* Task to carry out
Copy exactly, and only, the lines between the start of the entries below and the line containing "Frauen personalisiert, eleganten", both inclusive. Omit pictures.

* Provided material

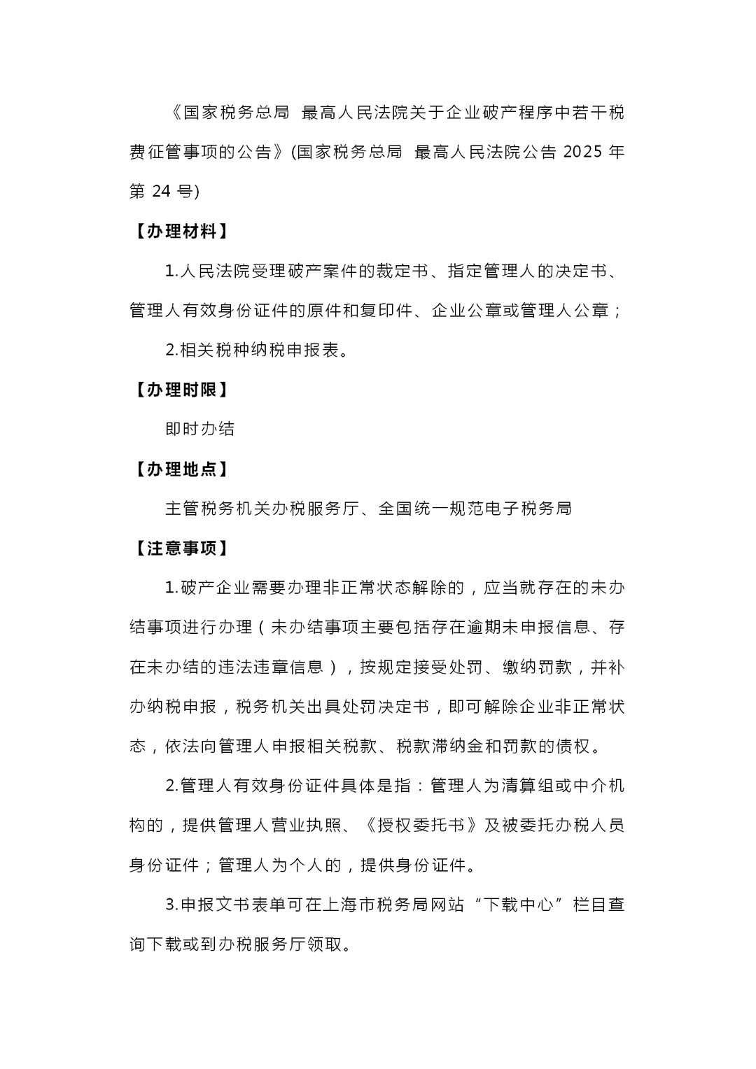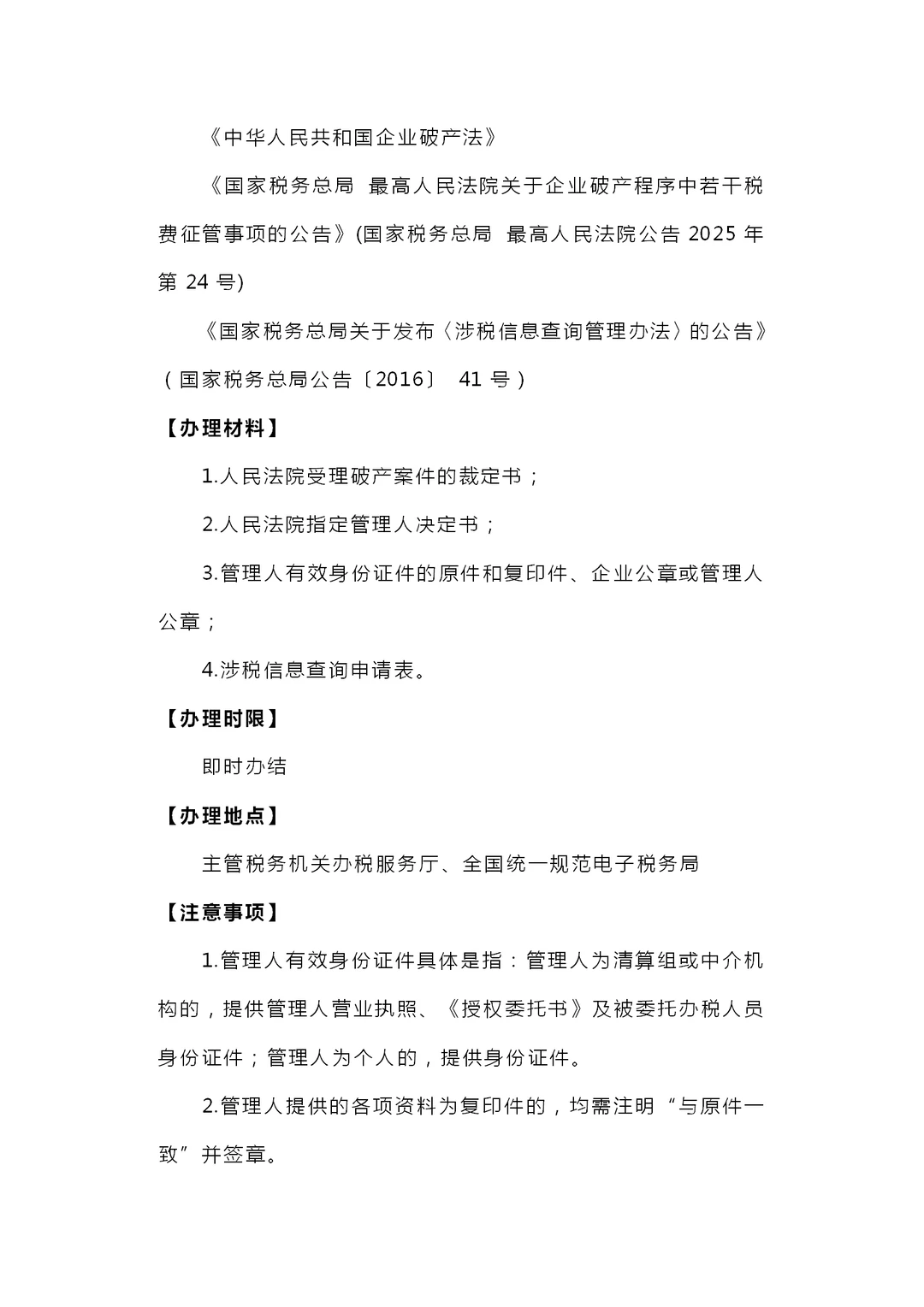 企业破产涉税事项办理操作指南
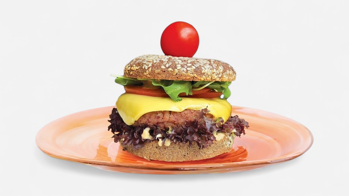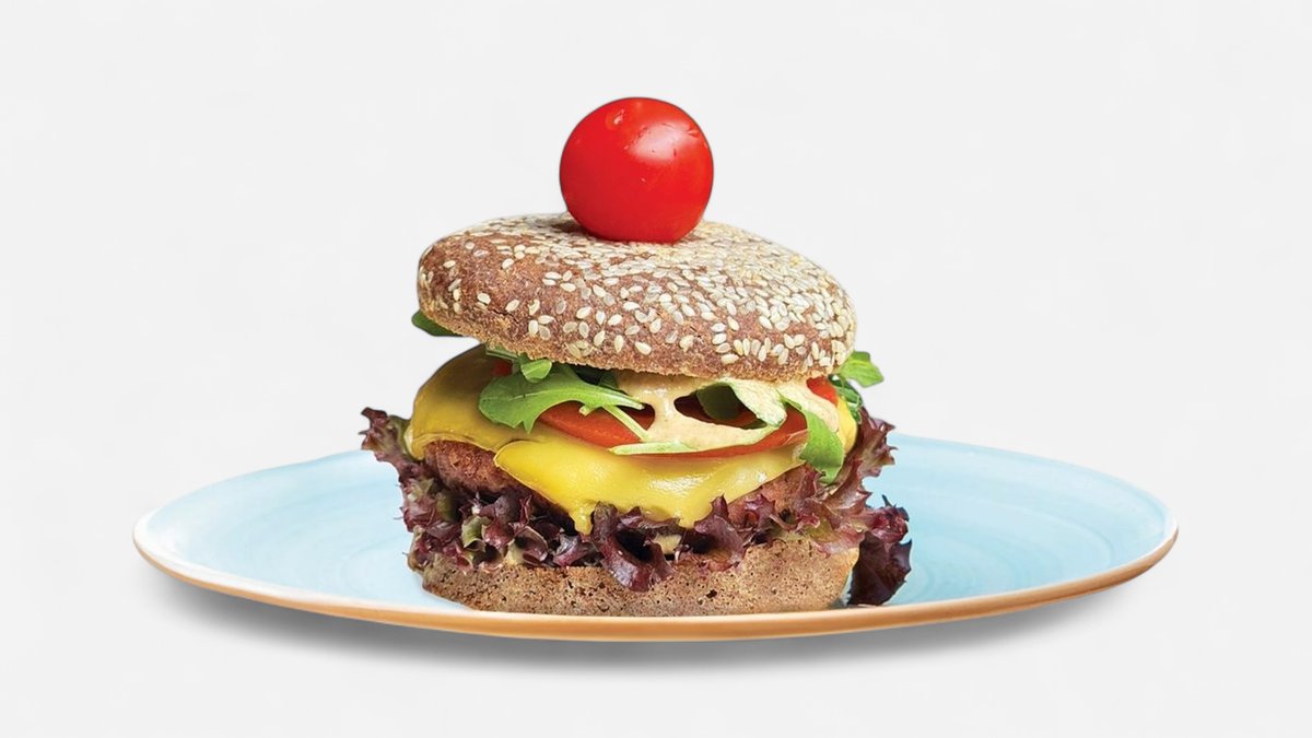 Veganski visoko proteinski dimljeni burger, zrno Ra zemička od speltinog brašna
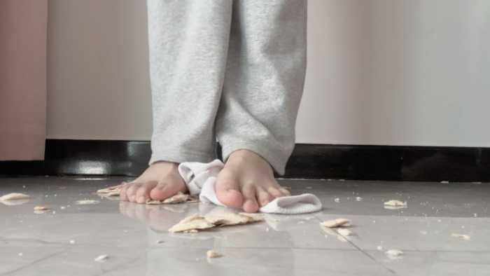 这双白棉袜可穿了好多天了,又脏又臭,穿着它狠狠的碾碎狗粮,再光脚把它和面包踩在一起,想必美味极了吧
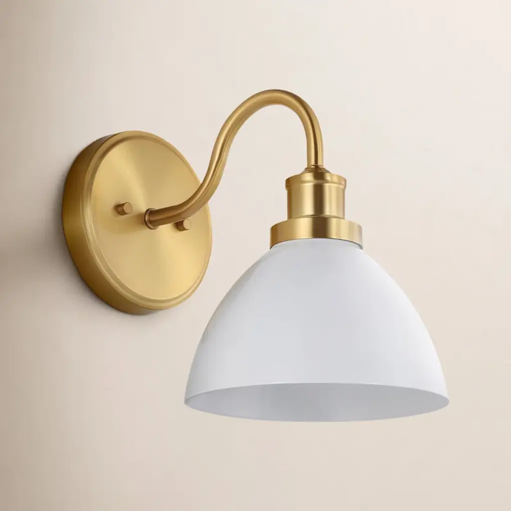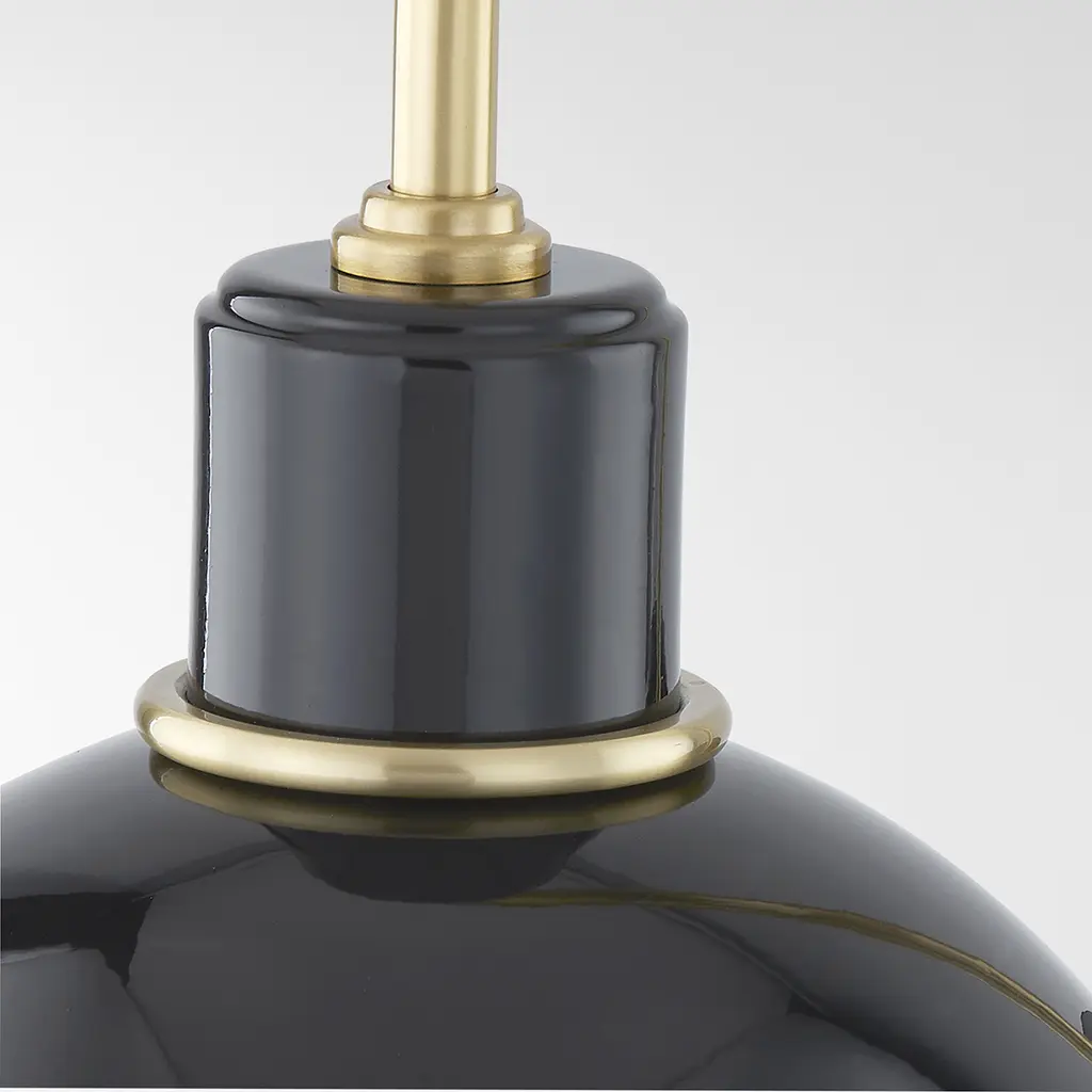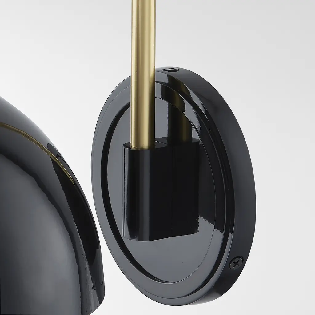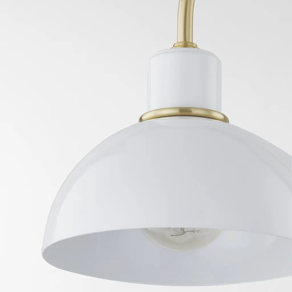 The Camille wall sconce and pendant draws her best features from French design. Aged brass details pop against the glossy black or white dome outfitted with a white interior. From an industrial form to Mid-century styling, Camille may be vintage inspired but was certainly made for modern homes.
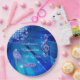 Frauen personalisiert, eleganten kundenspezifischen Abschluss-Partyfeier-Papier-Tellers. Schöne blaue Vorlagen für den Abschluss einer Frau. Dieser Teller hat einen funky retro Discospiegelball, bezaubernden einen Druckbild-Kristall-/-diamant-Glitter, Sequins, Heelsstilettschuhe des Juwelscheins hohen und glittery eine musikalische Anmerkung/eine Musiknote mit Glitzern auf einem noblen Blau mit weißen Lichtern und Glitzernhintergrund. Chic, niedlicher, girly, moderner PapierTeller mit den trendy, modernen Farben. Dieser coole, groovy, stilvolle, hoch entwickelte, hübsche Party-Teller wird verziert,/gedruckt auf nur einer Seite. Perfekter Teller für Abendessen tanzt Tanzenereignis-Partys. MERKEN SIE BITTE: Alle Produkte auf Zazzle haben Ebenedruckbilder. Wenn Sie irgendeine Unterstützung benötigen, die Ihr Produkt in Verbindung treten besonders anfertigt mit mir bitte, durch meinen Speicher und ich bin glücklich zu helfen.
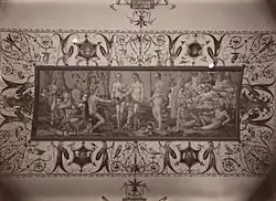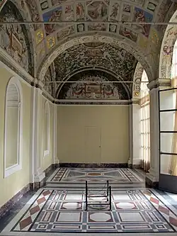 Diese Fresken und die der Kapelle wurden früher Peruzzi zugeschrieben, aber genauere Untersuchungen haben ergeben, dass sie von einem seiner Schüler, Giorgio di Giovanni, stammen. Sie wurden Ende des 19. Jahrhunderts von dem Maler Ernesto Sprega restauriert (an einigen Stellen ziemlich stark), dem das Verdienst zukommt, die „moralischen Übermalungen“ entfernt zu haben, die die eher ausschweifenden mythologischen Szenen verdeckt hatten. In der Mitte des Fußbodens befindet sich das Mosaikwappen der Familie Camajori.
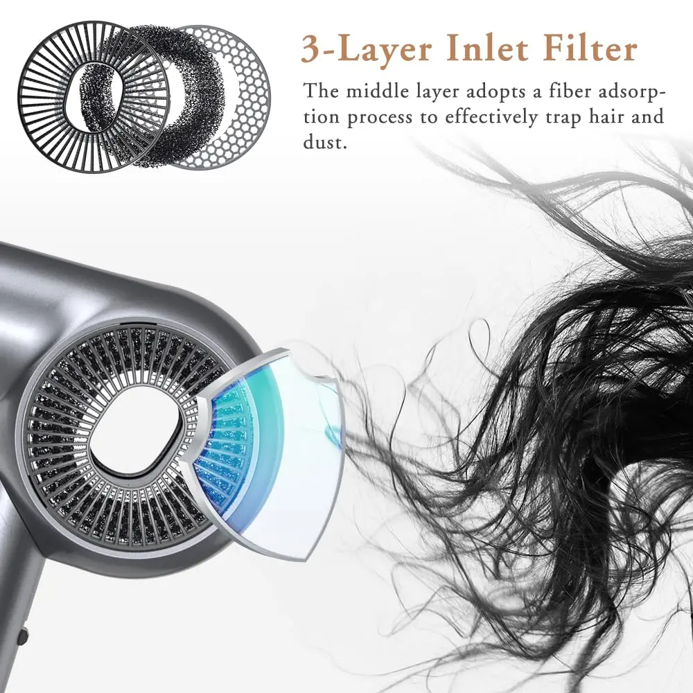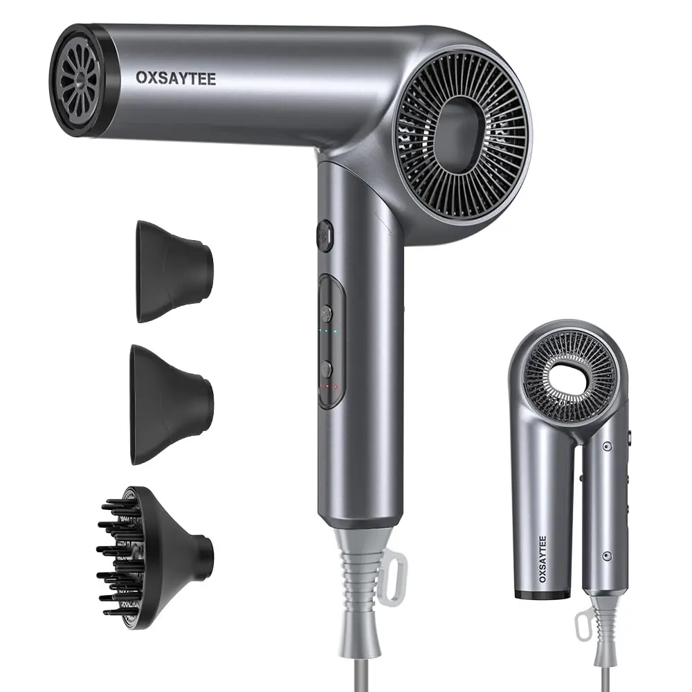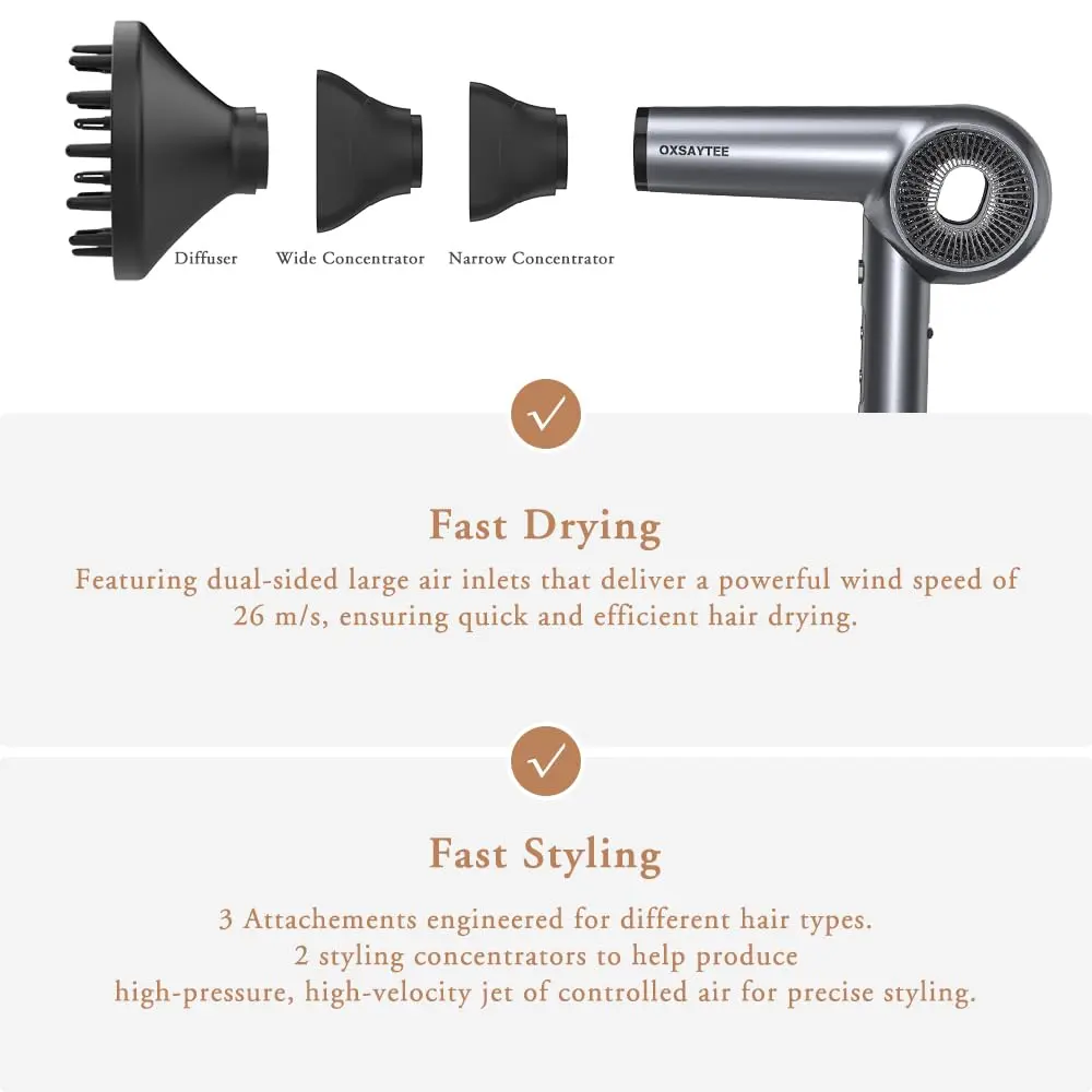 Experience salon-quality hair drying in the comfort of your own home with our 2000W Fast Drying Ionic Hair Dryer. This upgraded version features a powerful 2000W HTDC motor that delivers a high-speed airflow, significantly reducing drying time compared to traditional hair dryers. Save valuable time and enjoy faster, more efficient styling. Our ergonomic handle design ensures a comfortable grip, minimizing arm fatigue during use. Say goodbye to frizz and hello to healthy, lustrous hair. Our advanced air collection technology and wide air duct structure distribute heat evenly, maintaining a constant temperature to prevent heat damage. This ensures that your hair remains smooth and frizz-free after each use. Enjoy professional-level hair care as the dryer deeply nourishes your hair, repairs hair scales, and promotes long-term softness and shine. Negative ion technology effectively eliminates static electricity and frizz, preserving the natural moisture of your hair and reducing protein damage. This results in hair that is soft, smooth, and manageable. Customize your styling experience with 3 precise speed settings (Low/Med/High) and 4 heat levels (Cool/Low/Med/High). Easily control the temperature and airflow to match your specific hair type and create your favorite hairstyles at home. The included accessories, consisting of 1 smooth concentrator and 2 styling nozzles, provide versatile styling options for all hair types and styles. The fine mesh air inlet on the back of the dryer effectively prevents hair and dust from entering the machine, extending its lifespan. The air filter is easily disassembled and cleaned for convenient maintenance. A hook design and holder make portability and storage simple. This hair dryer is equipped with a safety plug to protect you and your family from short circuits caused by leakage, ensuring a safe and worry-free experience. Its sleek design and functionality make it an ideal gift choice for birthdays, Mother’s Day, Christmas, or any special occasion. We offer a 12-month free return and exchange policy. If you have any questions or concerns, please don’t hesitate to contact us.

* Response box
 企业破产涉税事项办理操作指南
 Veganski visoko proteinski dimljeni burger, zrno Ra zemička od speltinog brašna
 这双白棉袜可穿了好多天了,又脏又臭,穿着它狠狠的碾碎狗粮,再光脚把它和面包踩在一起,想必美味极了吧
 The Camille wall sconce and pendant draws her best features from French design. Aged brass details pop against the glossy black or white dome outfitted with a white interior. From an industrial form to Mid-century styling, Camille may be vintage inspired but was certainly made for modern homes.
 Frauen personalisiert, eleganten kundenspezifischen Abschluss-Partyfeier-Papier-Tellers. Schöne blaue Vorlagen für den Abschluss einer Frau. Dieser Teller hat einen funky retro Discospiegelball, bezaubernden einen Druckbild-Kristall-/-diamant-Glitter, Sequins, Heelsstilettschuhe des Juwelscheins hohen und glittery eine musikalische Anmerkung/eine Musiknote mit Glitzern auf einem noblen Blau mit weißen Lichtern und Glitzernhintergrund. Chic, niedlicher, girly, moderner PapierTeller mit den trendy, modernen Farben. Dieser coole, groovy, stilvolle, hoch entwickelte, hübsche Party-Teller wird verziert,/gedruckt auf nur einer Seite. Perfekter Teller für Abendessen tanzt Tanzenereignis-Partys. MERKEN SIE BITTE: Alle Produkte auf Zazzle haben Ebenedruckbilder. Wenn Sie irgendeine Unterstützung benötigen, die Ihr Produkt in Verbindung treten besonders anfertigt mit mir bitte, durch meinen Speicher und ich bin glücklich zu helfen.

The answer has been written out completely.